В общем, это была песня о белом бычке. Колесо сансары, которое она послушно крутила, не замечая повторяющегося сюжета. Надо сказать, даже сейчас, когда Лека взрослая и успешная, с мужчинами у нее полный швах.

Конечно, схема усовершенствовалась – теперь она не только таращится на «рыцарей сердца» из-за угла, иногда те снисходят до секса. Но в целом все осталось по-прежнему – выбирает она недосягаемых и женатых, начинает их молча преследовать (вплоть до оплаты услуг частного детектива, который каждый вечер присылает ей отчет о том, в каких ресторанах и с какими девушками побывал ее возлюбленный), страдать, потом предсказуемо получает по носу и переключается на кого-нибудь еще.

Да, она больна. Крейзи.

Но вся эта история делает ее счастливой, а странное счастье ничем не хуже «простого женского».

Да, вокруг меня все были с головой погружены в свои мелкие страстишки.

Наша директриса была влюблена в отца одного из первоклассников. Бедный мальчик, он даже заикаться начал, потому что почти каждый день слышал от нее: «И без отца в школу не приходи!» Он был умницей и тихоней, а с ним обращались как с отпетым хулиганом просто потому, что у его папы были широкие плечи и умные карие глаза.

Соседка по лестничной клетке, которая всем представлялась как Танечка, даром что, во-первых, была доктором филологических наук, а во-вторых, разменяла шестой десяток лет, была влюблена в хамоватого сантехника из ЖЭКа. Впрочем, даже я в мои неполные четырнадцать понимала, чем обусловлено влечение к подобному мезальянсу.

Видимо, у создателя есть чувство юмора, раз он наделил бесхитростного сантехника, использующего связку «блянах», чтобы скрепить в единый смысл извергаемые им отрывистые словесные конструкции, такой безусловной, демонической, роковой красотой. Он являл собою искушение в наивысшей концентрации. Оливковая кожа, серые холодные глаза, смоляные кудри, четко очерченный темный рот. На него оборачивались даже не с восхищением и сожалением о невоплощенном, а с удивлением. Такие, как он, не топчут московский асфальт. Им подходят другие декорации и другая, особенная, судьба.

Наша филологическая Танечка увидела его и пропала.

Превратилась в девочку в свои пятьдесят с небольшим. Протыкала маникюрными ножничками силиконовые трубы под ванной и звонила в ЖЭК. Он приходил, и она встречала его в атласном халатике. Лицом она была дурна, зато до преклонных лет сохранила ножки точеными. Я не знаю, удалось ли ей раствориться в объятиях темнокудрого демона или он так навсегда и остался ее фантазией, но стены в нашем панельном доме были тонкими, и моя комната соседствовала с Танечкиной спальней.

Иногда по ночам из-за стены доносились тонкие всхлипы, переходящие в вибрирующий стон. Что-то животное было в этих звуках, что-то из области опасной ночи, языческих танцев с бубнами и древних темных богинь.

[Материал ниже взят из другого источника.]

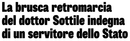 Per quanto Amato con la sua risposta di dissociazione dal titolo sparato da Repubblica come un missile -esso sì- sulla sua intervista avesse concesso alla Verità l’occasione di una polemica col giornale in qualche misura concorrente, il direttore Maurizio Belpietro ha preferito attaccare, anzi insultare il politico che d’altronde non ha mai goduto della sua simpatia, a dir poco. “Il dottor Sottile fa scarica barile”, si è titolato da solo Belpietro in prima pagina, infierendo all’interno con “la brusca retromarcia del dottor Sottile indegna di un servitore dello Stato”.
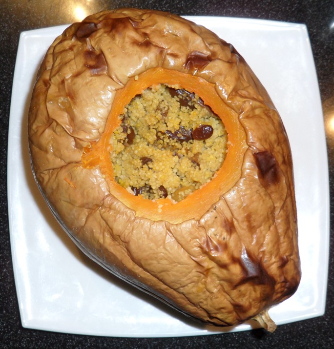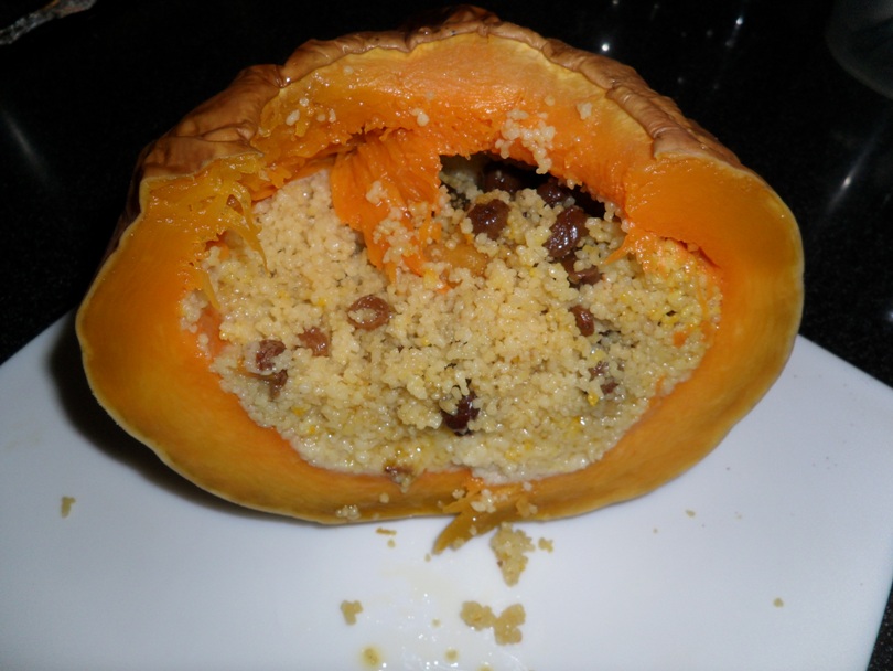 Итак, тыква тщательно обмывается снаружи. В ней вырезается круглое отверстие, через которое из тыквы вынимают семечки и волокна, в которые они вплетены. Промытые финики, курага и изюм смешиваются с кус-кусом и этой смесью заполняют очищенную серцевину тыквы. Нужно добавить сахара по вкусу, сливочного масла и молока. Все это можно просто поместить внутрь тыквы поверх смеси. Вырезанной крышечкой отвестие закрывают, и тыква помещается в духовку при 200 град.С на 40-60 минут. Время пребывания в духовке зависит от размера тыквы.

Потом, коротко всхлипнув, Танечка затихала. Я почти уверена, что в обеих ролях – томящейся девы и сладострастного любовника – была она сама, однако мне нравилось воображать ее ночное короткое счастье более материальным и осуществленным. Я представляла, как смуглый сантехник мнет ее накрахмаленные простыни, кусает ее кожу, рвет кружева ее ночной сорочки, а потом залпом выпивает предложенный стакан воды, и его, как всех темных богов, без остатка растворяет ночь.

Примерно в это время я и сама открыла для себя радость регулярной мастурбации. Мое сердце пленил образ, не существующий в реальности. Однажды я увидела картину Врубеля «Демон» и пропала. Я и до сих пор смотрю на нее с нежностью, и в моей кухне висит репродукция, каждый случайно брошенный взгляд на которую я воспринимаю как свидание в миниатюре.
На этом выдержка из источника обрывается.